(Beginning of Source material)

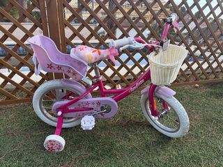 Bicicleta infantil en color rosa, con muy poco uso. - Ruedines incluidos. - Cesta delantera. - Sillín ajustable.
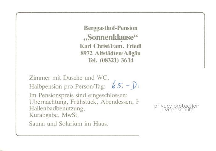 73049061 Altstaedten Allgaeu Sonnenklause Hallenbad Gastraum Panorama postalisch nicht gelaufen Werbekarte (keine Postkarte) Erhaltung siehe scans [KathaD81] KatCode: 11110009780139
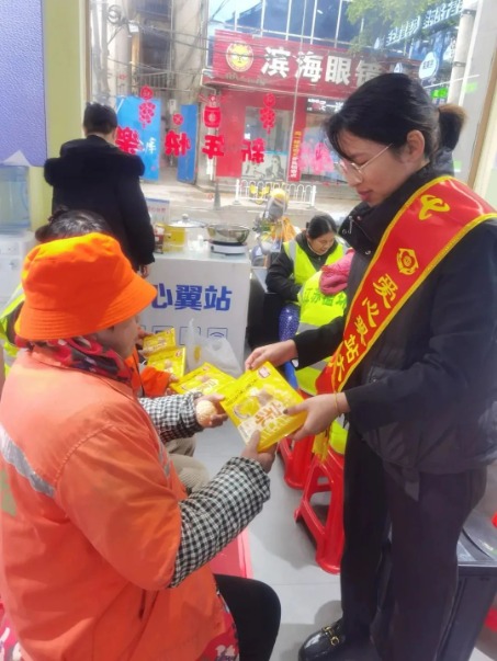 十堰市郧西县总工会在城区工会驿站开展“送温暖、送关怀”系列活动,用心用情为户外劳动者送去暖身暖心服务,为坚守一线岗位的职工、扫雪除冰的志愿群体送上温暖。
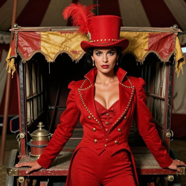 A striking circus performer, a Ringmaster lady in a red embellished tailcoat and a dramatic red top hat with a feather and gold studs, posing dramatically on a vintage circus wagon with tattered red and gold banners, surrounded by old-fashioned circus equipment, her face has a sharp nose, strong cheekbones, and a warm tan complexion, her gaze intense and proud, captured in a cinematic, grainy film-style photograph.
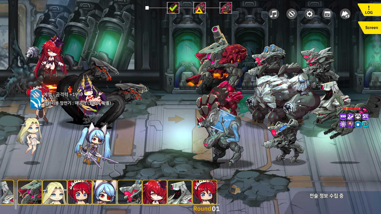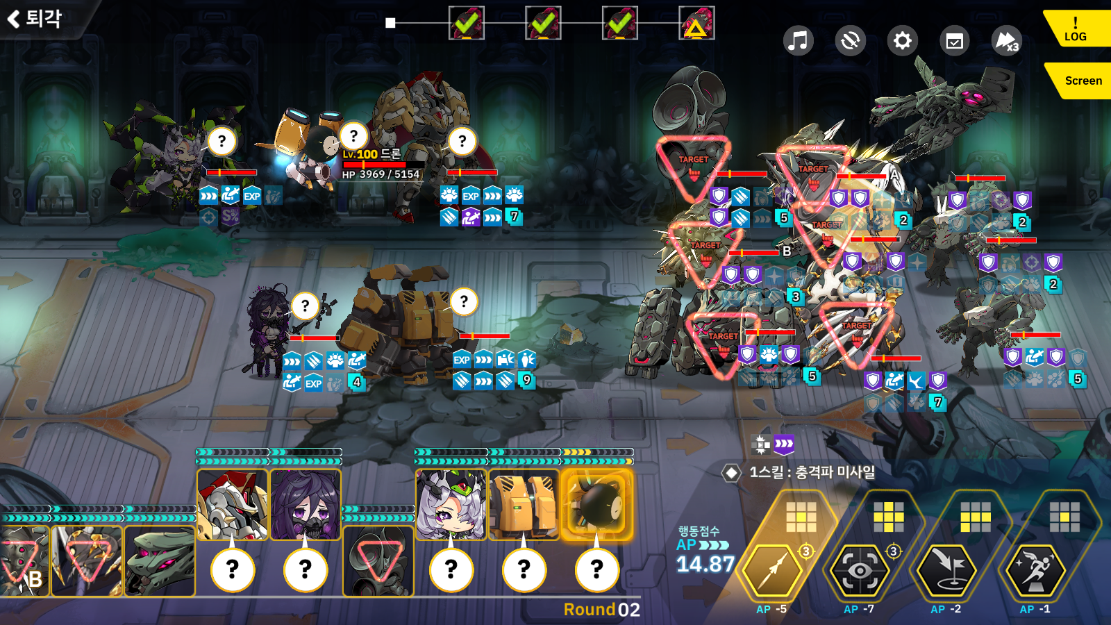 휴... 드디어 5지역도 전반기 마지막 스테이지 입니다. 공략없이 하다보니 시간이 오지게 걸렸네요 하하하 =_=;;; 덕분에 오지게 가슴 쫄깃쫄깃하게 하긴 했지만.. 아무튼 5지역 현재까지 업데이트된 마지막 스테이지 입니다. 참고로 메인 탱커인 하치코가 전투 이탈될 가능성도 있기 때문에 난이도가 낮은 공략을 찾으시는 분들에게는 이번 저의 파티는 조금은 운과 노력이 필요하기 때문에 그렇게 추천하고 싶지는 않습니다. 이번 저의 파티는 하치코와 트리어쩌구가 메인입니다. 물론 딜링 면에서는 화려하지 않지만 MMO에서 레이드에서 탱커와 서폿 느낌입니다. 먼저 하치코는 행/열보호가 걸리는 조건이 공격 지원 대상이 되어야 됩니다. 시라유리의 공격지원을 받기 위해서는 정찰 상태가 되어야 되는데 이 부분은 방법이 없더군..
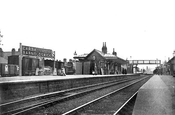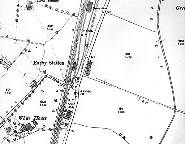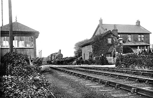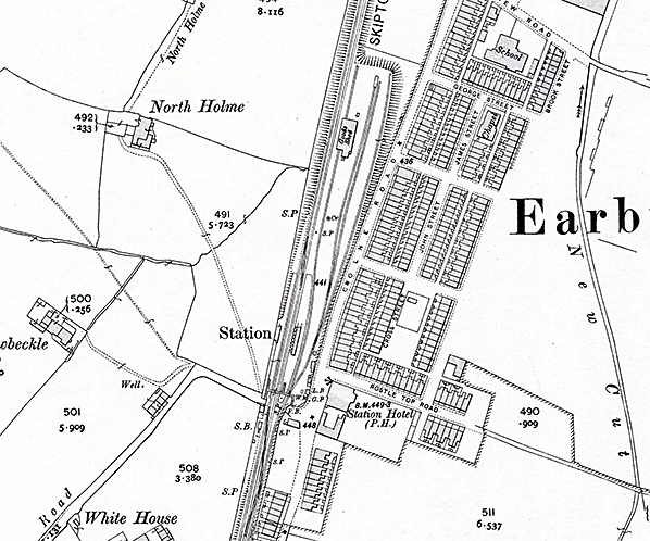 Earby station had three platform faces comprising a side platform west of the line and an island. Although intended for passenger use the outer face of the island was not served by a through line; beyond the platform the line ran the length of the goods yard and through the goods shed. The main station building was on the island platform, reached by a lattice footbridge from Colne Road. It was a somewhat plain single-storey sandstone structure with a ridged slate roof; a hipped ridge-and-furrow verandah on each platform face extended half the length of the building. Within were the booking office, waiting rooms and toilets. A similar, but shorter, stone building without a verandah stood on the up platform. The goods yard was sandwiched between the line and Colne Road. The main station entrance also served the goods yard where a weighbridge and weigh office were sited, with a secondary entrance further along Colne Road. There were initially two long sidings running parallel, one passing through the stone-built goods shed and the other passing east of it to a small end-dock. A 5-ton crane stood between the two sidings south of the goods shed. Two additional sidings were built east of, and parallel to, the existing ones. The outer face of the island was originally used by Barnoldswick branch trains, but latterly it was used only by the Saturday midday service and specials such as the Skipton Gala trains. Immediately south of the station was a level crossing on Salterforth Road. Earby Station signal box south of the crossing, on the up side, controlled the crossing and access to the goods yard. About 800yd north of the station, where the road to Skipton (now A56) crossed the railway was another box, known as Earby Crossing (but formerly Earby Gate House). When the Barnoldswick Branch opened, a further box was brought into use at Barnoldswick Junction. For a short time, a box named Earby Junction was in use a short distance south of Barnoldswick Junction; it is understood to have opened in 1916 to control access to and from the Ministry of Munitions explosives store sidings and will have been decommissioned when the store closed, prior to 1923.
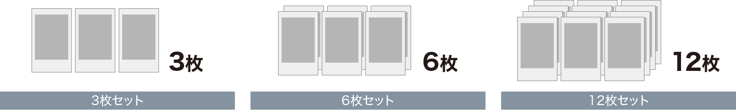 コンパクトサイズのチェキ(Instax™ mini)を、3枚、6枚、12枚のセットでお届けします。
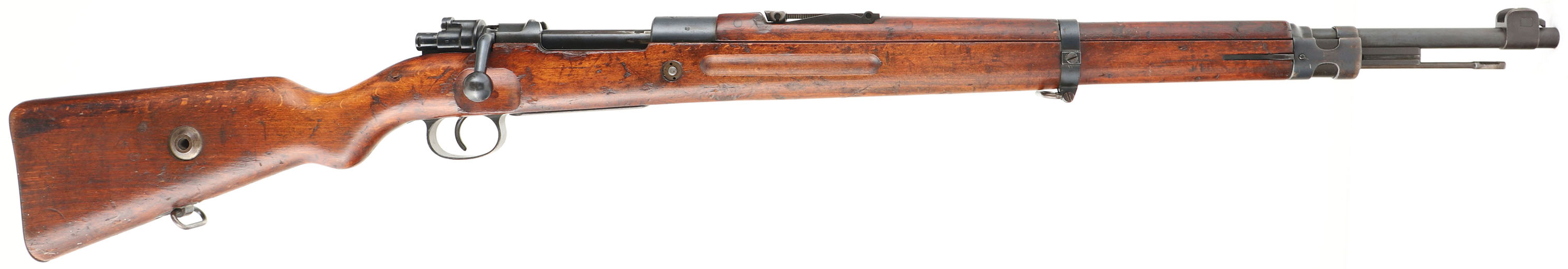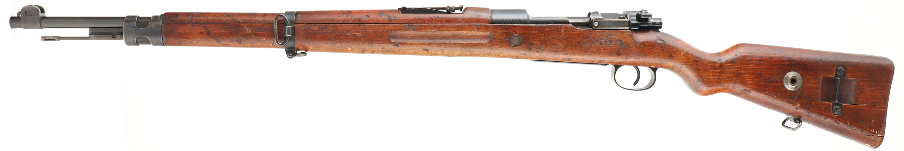 HISTORY: Production of the kbk wz.29 was done at the National Arms Factory in Radom between 1930 & September 1939 when the Germans invade. 264,000 were rifles produced of two models, a infantry model with a straight bolt handle, & a cavalry model with a bent handle. Some of these rifles were sold & exported to Spain & Afghanistan. Most of these rifles would be captured by the Germans after the surrender of Poland. Existing rifles would be put into German service with little to no modification since its close resemblance to the German K98k, these rifles would be called Gewehr 298 (p) in German service. The Germans would start production of the rifles again at the captured Radom factory under Steyr control, but would be modified exactly to K98k specs & would be marked G29/40. The K98k bolt in the rifle leads me to believe this rifle was refurbished by Germans later on & the cutout in the stock could have been done by them for use of a bent bolt handle, or it was originally a cavalry model so the stock already had the cutout. FFL or C&R Req. - Value: 1000 to 2000
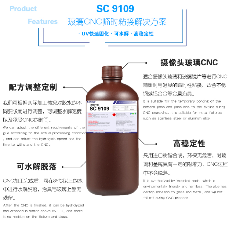 以上是東莞市三夏新材料有限公司廠家直供玻璃切割cnc水解uv膠研磨臨時粘接膠水的詳細信息,如果您東莞市三夏新材料有限公司廠家直供玻璃切割cnc水解uv膠研磨臨時粘接膠水的價格、廠家、型號、圖片有什么疑問, 請 聯系供應商 或 請供應商聯系我
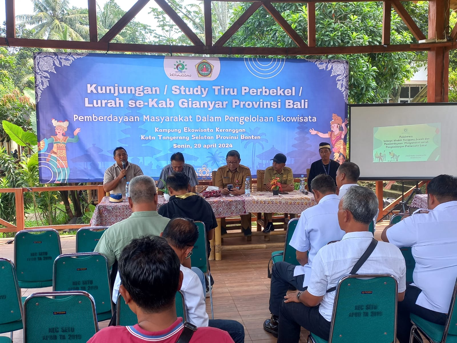 SETU-Sebanyak 80 orang yang terdiri dari camat, perbekel, dan lurah seKabupaten Gianyar, Provinsi Bali berkunjung ke Kampung Ekowisata Keranggan, Kecamatan Setu, Kota Tangerang Selatan (Tangsel), Senin (29/4).
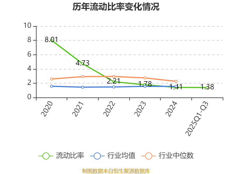 2025年前三季度,公司流动比率为1.38,速动比率为0.82。
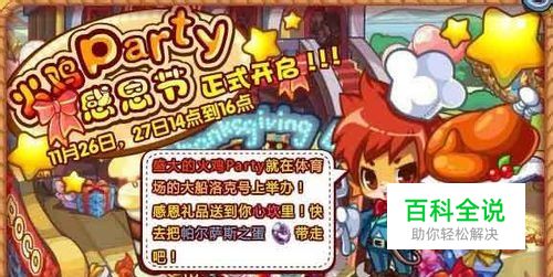 哈哈,感恩节到了,小洛克们准备好了吗?2011年11月26日、27日的14点-16点,盛大的感恩节火鸡party将在【体育场】的大船【洛克号】上举办哦~!!!想知道这次的感恩节礼品是什么吗?一定让你温暖到心坎里哦~!!!是什么呢?咳咳……除了大家已经习以为常的果儿糖等礼品外,还有帕尔萨斯之蛋哦~!帕尔萨斯之蛋不就是很多小洛克梦寐以求的宠物蛋吗?想要吗?那就来参加我们的派对吧~!
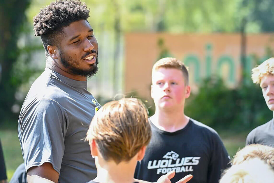„Einmal einen NFL-Spieler als Gast oder für eine Autogrammstunde zu bekommen, wäre ja schon ein Traum gewesen“, so Krusche. „Dann aber einen als Coach eines Jugend-Camps und darüber hinaus als Spieler zu gewinnen, ist mit Worten nicht zu beschreiben. Ein absoluter Glücksfall für uns, der aber auch zeigt, was alles im Projekt ‚Minden Wolves‘ steckt.“

(End of Source material)

What needs to be done ->
Transcribe all records verbatim and omit each image.

Task solution ->
 Bicicleta infantil en color rosa, con muy poco uso. - Ruedines incluidos. - Cesta delantera. - Sillín ajustable.
 73049061 Altstaedten Allgaeu Sonnenklause Hallenbad Gastraum Panorama postalisch nicht gelaufen Werbekarte (keine Postkarte) Erhaltung siehe scans [KathaD81] KatCode: 11110009780139
 十堰市郧西县总工会在城区工会驿站开展“送温暖、送关怀”系列活动,用心用情为户外劳动者送去暖身暖心服务,为坚守一线岗位的职工、扫雪除冰的志愿群体送上温暖。
 A striking circus performer, a Ringmaster lady in a red embellished tailcoat and a dramatic red top hat with a feather and gold studs, posing dramatically on a vintage circus wagon with tattered red and gold banners, surrounded by old-fashioned circus equipment, her face has a sharp nose, strong cheekbones, and a warm tan complexion, her gaze intense and proud, captured in a cinematic, grainy film-style photograph.
 휴... 드디어 5지역도 전반기 마지막 스테이지 입니다. 공략없이 하다보니 시간이 오지게 걸렸네요 하하하 =_=;;; 덕분에 오지게 가슴 쫄깃쫄깃하게 하긴 했지만.. 아무튼 5지역 현재까지 업데이트된 마지막 스테이지 입니다. 참고로 메인 탱커인 하치코가 전투 이탈될 가능성도 있기 때문에 난이도가 낮은 공략을 찾으시는 분들에게는 이번 저의 파티는 조금은 운과 노력이 필요하기 때문에 그렇게 추천하고 싶지는 않습니다. 이번 저의 파티는 하치코와 트리어쩌구가 메인입니다. 물론 딜링 면에서는 화려하지 않지만 MMO에서 레이드에서 탱커와 서폿 느낌입니다. 먼저 하치코는 행/열보호가 걸리는 조건이 공격 지원 대상이 되어야 됩니다. 시라유리의 공격지원을 받기 위해서는 정찰 상태가 되어야 되는데 이 부분은 방법이 없더군..
 Earby station had three platform faces comprising a side platform west of the line and an island. Although intended for passenger use the outer face of the island was not served by a through line; beyond the platform the line ran the length of the goods yard and through the goods shed. The main station building was on the island platform, reached by a lattice footbridge from Colne Road. It was a somewhat plain single-storey sandstone structure with a ridged slate roof; a hipped ridge-and-furrow verandah on each platform face extended half the length of the building. Within were the booking office, waiting rooms and toilets. A similar, but shorter, stone building without a verandah stood on the up platform. The goods yard was sandwiched between the line and Colne Road. The main station entrance also served the goods yard where a weighbridge and weigh office were sited, with a secondary entrance further along Colne Road. There were initially two long sidings running parallel, one passing through the stone-built goods shed and the other passing east of it to a small end-dock. A 5-ton crane stood between the two sidings south of the goods shed. Two additional sidings were built east of, and parallel to, the existing ones. The outer face of the island was originally used by Barnoldswick branch trains, but latterly it was used only by the Saturday midday service and specials such as the Skipton Gala trains. Immediately south of the station was a level crossing on Salterforth Road. Earby Station signal box south of the crossing, on the up side, controlled the crossing and access to the goods yard. About 800yd north of the station, where the road to Skipton (now A56) crossed the railway was another box, known as Earby Crossing (but formerly Earby Gate House). When the Barnoldswick Branch opened, a further box was brought into use at Barnoldswick Junction. For a short time, a box named Earby Junction was in use a short distance south of Barnoldswick Junction; it is understood to have opened in 1916 to control access to and from the Ministry of Munitions explosives store sidings and will have been decommissioned when the store closed, prior to 1923.
 コンパクトサイズのチェキ(Instax™ mini)を、3枚、6枚、12枚のセットでお届けします。
 HISTORY: Production of the kbk wz.29 was done at the National Arms Factory in Radom between 1930 & September 1939 when the Germans invade. 264,000 were rifles produced of two models, a infantry model with a straight bolt handle, & a cavalry model with a bent handle. Some of these rifles were sold & exported to Spain & Afghanistan. Most of these rifles would be captured by the Germans after the surrender of Poland. Existing rifles would be put into German service with little to no modification since its close resemblance to the German K98k, these rifles would be called Gewehr 298 (p) in German service. The Germans would start production of the rifles again at the captured Radom factory under Steyr control, but would be modified exactly to K98k specs & would be marked G29/40. The K98k bolt in the rifle leads me to believe this rifle was refurbished by Germans later on & the cutout in the stock could have been done by them for use of a bent bolt handle, or it was originally a cavalry model so the stock already had the cutout. FFL or C&R Req. - Value: 1000 to 2000
 以上是東莞市三夏新材料有限公司廠家直供玻璃切割cnc水解uv膠研磨臨時粘接膠水的詳細信息,如果您東莞市三夏新材料有限公司廠家直供玻璃切割cnc水解uv膠研磨臨時粘接膠水的價格、廠家、型號、圖片有什么疑問, 請 聯系供應商 或 請供應商聯系我
 SETU-Sebanyak 80 orang yang terdiri dari camat, perbekel, dan lurah seKabupaten Gianyar, Provinsi Bali berkunjung ke Kampung Ekowisata Keranggan, Kecamatan Setu, Kota Tangerang Selatan (Tangsel), Senin (29/4).
 2025年前三季度,公司流动比率为1.38,速动比率为0.82。
 哈哈,感恩节到了,小洛克们准备好了吗?2011年11月26日、27日的14点-16点,盛大的感恩节火鸡party将在【体育场】的大船【洛克号】上举办哦~!!!想知道这次的感恩节礼品是什么吗?一定让你温暖到心坎里哦~!!!是什么呢?咳咳……除了大家已经习以为常的果儿糖等礼品外,还有帕尔萨斯之蛋哦~!帕尔萨斯之蛋不就是很多小洛克梦寐以求的宠物蛋吗?想要吗?那就来参加我们的派对吧~!
„Einmal einen NFL-Spieler als Gast oder für eine Autogrammstunde zu bekommen, wäre ja schon ein Traum gewesen“, so Krusche. „Dann aber einen als Coach eines Jugend-Camps und darüber hinaus als Spieler zu gewinnen, ist mit Worten nicht zu beschreiben. Ein absoluter Glücksfall für uns, der aber auch zeigt, was alles im Projekt ‚Minden Wolves‘ steckt.“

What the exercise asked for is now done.